Strange Quark stars

[0812.4491v1] Strange Quark stars: Observations & Speculations.

Love compact objects – they’re massive embodiments of quantum mechanics and general relativity. Neither white-dwarfs or neutron-stars or quark stars would exist if it wasn’t for the Pauli Exclusion principle causing particles to push each other apart. About 90 years ago Arthur Eddington wondered aloud what is stopping stars from collapsing forever? Eventually they figured it out – quantum mechanics.

But “neutron stars” might be overly simplistic, because nucleons – protons and neutrons – are composed of 3 quarks joined together in a complex dance of forces. When quarks get close enough together the old distinction between the separate triads of quarks gets broken-down and ‘free’ quarks can now join together as much larger stable systems of indefinite numbers of quarks.

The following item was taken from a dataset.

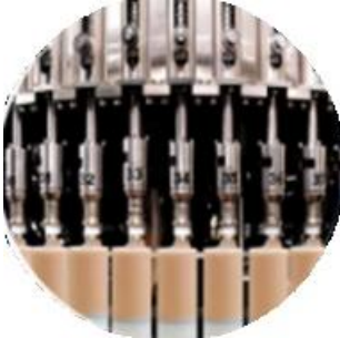
خط ماكينات التعبئة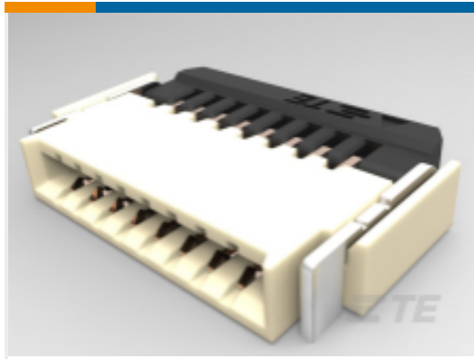
TE 零件编号2328702-4 4PIN 0.5MMP FPC CONNECTOR,BACK FLIP LOCK

One possibility – which neutron stars can’t do, contra Larry Niven’s “There is a Tide” – is the formation of ‘quark planets’… ejected fragments of a quark star now orbitting their parent body. Just how big would a ‘quark earth’ be? With a density over 1017 kg/m3 our Earth would fit in a sphere less than 300 metres across. It’s gravity would be over 400 million times its present day value, making it rather deadly if you got too close.